Ahmed Maqsood, Zhang Xiang, Shen Yonglin, Ahmed Tanveer, Ali Shahid, Ali Ayaz, Gulakhmadov Aminjon, Nam Won-Ho, Chen Nengcheng
National Engineering Research Center of Geographic Information System, School of Geography and Information Engineering, China University of Geosciences, Wuhan 430074, China.
National Engineering Research Center of Geographic Information System, School of Geography and Information Engineering, China University of Geosciences, Wuhan 430074, China.
Environ Int. 2025 May;199:109496. doi: 10.1016/j.envint.2025.109496. Epub 2025 Apr 26.
Air quality is crucial for both public health and environmental sustainability. An efficient and cost-effective model is essential for accurate air quality predictions and proactive pollution control. However, existing research primarily focuses on single static image analysis, which does not account for the dynamic and temporal nature of air pollution. Meanwhile, research on video-based air quality estimation remains limited, particularly in achieving accurate multi-pollutant outputs. This study proposes Air Quality Prediction-Mamba (AQP-Mamba), a video-based deep learning model that integrates a structured Selective State Space Model (SSM) with a selective scan mechanism and a hybrid predictor (HP) to estimate air quality. The spatiotemporal forward and backward SSM dynamically adjusts parameters based on input, ensures linear complexity, and effectively captures long-range dependencies by bidirectional processing of spatiotemporal features through four scanning techniques (row-wise, column-wise, and their vertical reversals), which allows the model to accurately track pollutant concentrations and air quality variations over time. Thus, the model efficiently extracts spatiotemporal features from video and simultaneously performs regression (PM, PM, and AQI), and classification (AQI) tasks, respectively. A high-quality outdoor hourly air quality dataset (LMSAQV) with 13,176 videos collected from six monitoring stations in Lahore, Pakistan, was utilized as the case study. The experimental results demonstrate that the AQP-Mamba significantly outperforms several state-of-the-art models, including VideoSwin-T, VideoMAE, I3D, VTHCL, andTimeSformer. The proposed model achieves strong regression performance (PM: R = 0.91, PM: R = 0.90, AQI: R = 0.92) and excellent classification metrics: accuracy (94.57 %), precision (93.86 %), recall (94.20 %), and F1-score (93.44 %), respectively. The proposed model delivers consistent, real-time performance with a latency of 1.98 s per video, offering an effective, scalable, and cost-efficient solution for multi-pollutant estimation. This approach has the potential to address gaps in air quality data collected by expensive instruments globally.
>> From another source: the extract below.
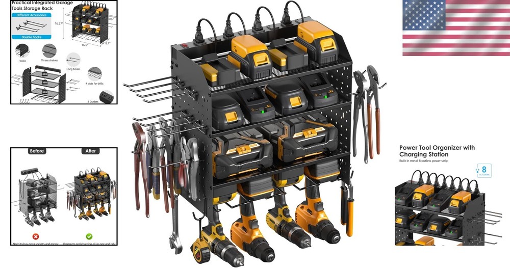Heavy-Duty Power Tool Organizer with Adjustable Shelves & Surge Protection ‹ › ‹ › ‹ › ‹ › ‹ › ‹ › ‹ › ‹ › ‹ › Heavy-Duty Power Tool Organizer Create a seamless work environment with our Heavy-Duty Power Tool Organizer, designed for convenience and efficiency. This elegant black wall mount organizer not only provides ample storage but also enhances the aesthetic of your workspace. Features: Adjustable shelves with 4-layer structure for customized storage. Innovative pegboard design includes 4 slots, 4 hooks, 4 long pegboard hooks, and 4 double pegboard hooks. Integrated power strip with 8 outlets, allowing simultaneous charging for multiple rechargeable tools. 10ft power cord included for extended and accessibility. Heavy gauge steel construction ensures durability and longevity. Surge protection of 1200J safeguards your equipment. Utility rack dimensions: L:16.5in * W:8.7in * H:16.57in. Easy assembly, capable of connecting multiple shelves for expanded storage. Benefits: Efficiently organizes and stores tools, saving valuable bench space. Convenient charging station eliminates the hassle of searching for sockets. Versatile design accommodates a range of tools including hammers, drills, and batteries. Robust enough to hold heavy machines while remaining stylish. An ideal gift for Father's Day, Christmas, or any special occasion. Why choose our Heavy-Duty Power Tool Organizer? If you’re looking for the perfect blend of functionality and style, our Heavy-Duty Power Tool Organizer is designed to meet all your needs. With adjustable shelving and a powerful surge-protected charging station, it keeps everything you need within while maintaining a clean look in your workspace. Invest in organization and efficiency – order your Heavy-Duty Power Tool Organizer today and transform your workshop into a haven of productivity! Shipping Free & Fast Shipping - We offer free shipping to most of the USA with a normal delivery time of 3-7 days. However, due to the current situation, additional delivery time (up to 3 weeks) may be required for some items. Alternative Carriers - We may use alternative carriers (e.g. USPS, FedEx, UPS, etc.) to ensure your package arrives safely and on time. Due to the use of multiple carriers, we are unable to provide a tracking number automatically. Handling Time - Orders are processed and shipped within 1-2 business days of receiving cleared payment. Shipping Restrictions - Shipping to Alaska, Hawaii, Puerto Rico, Guam, and other US territories may incur shipping charges or delivery restrictions. Please contact us before ordering, or your order can be refunded/cancelled. State Restrictions - There may be restrictions based on your state of purchase. For example, certain items may not be shipped to California due to state regulations. Contact for Tracking Updates - If you require tracking updates or have any concerns about the delivery of your order, please feel free to contact us, and we will be happy to assist you. Return 30-Day Hassle-Free Returns - We want you to be completely satisfied with your purchase. If you are not, you can return the item within 30 days of receiving it for a full refund or exchange. Easy Return Process - To start a return, simply contact us and we will provide you with a prepaid return shipping label and detailed instructions. Restocking Fee - There are no restocking fees for returns. However, the buyer is responsible for return shipping costs if the return is not due to a seller's error. Refund Processing Time - Refunds will be processed within 5 business days of receiving the returned item in its condition. Payment We accept all major credit cards, PayPal, and Apple Pay for your convenience. Your payment information is secure and encrypted to ensure a safe and seamless transaction. Please complete your payment within 3 days of purchase to avoid any delays in shipping. Feedback Your feedback is extremely important to us. We strive to provide the best products and customer service possible. If you are satisfied with your purchase, please take a moment to leave us a positive review. If you have any concerns or issues with your order, please contact us before leaving negative feedback. We are committed to resolving any problems and ensuring your satisfaction. Contact Us If you have any questions or concerns, please feel free to out to our customer support team. You can contact us through the eBay messaging system. We are available Monday to Friday, 9:00 am to 5:00 pm EST, and we will do our best to respond to your inquiry within 24 hours. Buy it now and enjoy a pleasant shopping experience! Item Diameter: NA Item Weight: 10.14 Unit Quantity: 1 Features: Wall Mount,Charging Station,Pegboard Design,4 Layer Structure,10FT Power Strip,Surge Protection,Adjustable Layer,Easy to Assemble,Heavy Gauge Steel,Hooks for Tools Type: Tool Storage Bin Number of Items: 1 Material: Alloy Steel Number of Drawers: 0 Size: Medium Capacity: 33 lb Color: Black Finish: Painted Unit Type: lb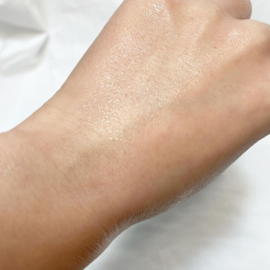 60%以上がウォーターベースなのでしっとりとした着け心地♡ さらにパール表面に貴金属コーティングをしているため全ての角度で同じ反射効果があります✨ チップを使って塗るので簡単で、手が汚れなくて便利👏🏻 とにかく使用感が良くてしっとりとしていて、密着度が高い✨ みずみずしい使い心地です。 ラメが飛ぶこともありませんでしたよ◎ キラッキラで、綺麗な輝き🥺💓 ピーチライトはお肌に馴染みやすい色味でとても使いやすいです♪ 上品なグリッターで、毎日大活躍中です🍑

空气质量对公众健康和环境可持续性都至关重要。一个高效且经济高效的模型对于准确的空气质量预测和积极的污染控制至关重要。然而,现有研究主要集中在单张静态图像分析上,没有考虑空气污染的动态和时间特性。与此同时,基于视频的空气质量估计研究仍然有限,特别是在实现准确的多污染物输出方面。本研究提出了空气质量预测曼巴(AQP-Mamba),这是一种基于视频的深度学习模型,它将结构化的选择性状态空间模型(SSM)与选择性扫描机制和混合预测器(HP)相结合来估计空气质量。时空向前和向后的SSM根据输入动态调整参数,确保线性复杂度,并通过四种扫描技术(逐行、逐列及其垂直反转)对时空特征进行双向处理,有效地捕捉长程依赖性,这使得模型能够准确跟踪污染物浓度和空气质量随时间的变化。因此,该模型有效地从视频中提取时空特征,并同时分别执行回归(PM、PM和AQI)以及分类(AQI)任务。以从巴基斯坦拉合尔的六个监测站收集的13176个视频组成的高质量室外每小时空气质量数据集(LMSAQV)作为案例研究。实验结果表明,AQP-Mamba显著优于几个最先进的模型,包括VideoSwin-T、VideoMAE、I3D、VTHCL和TimeSformer。所提出的模型分别实现了强大的回归性能(PM:R = 0.91,PM:R = 0.90,AQI:R = 0.92)和出色的分类指标:准确率(94.57%)、精确率(93.86%)、召回率(94.20%)和F1分数(93.44%)。所提出的模型以每个视频1.98秒的延迟提供一致的实时性能,为多污染物估计提供了一种有效、可扩展且经济高效的解决方案。这种方法有可能解决全球范围内昂贵仪器收集的空气质量数据中的差距。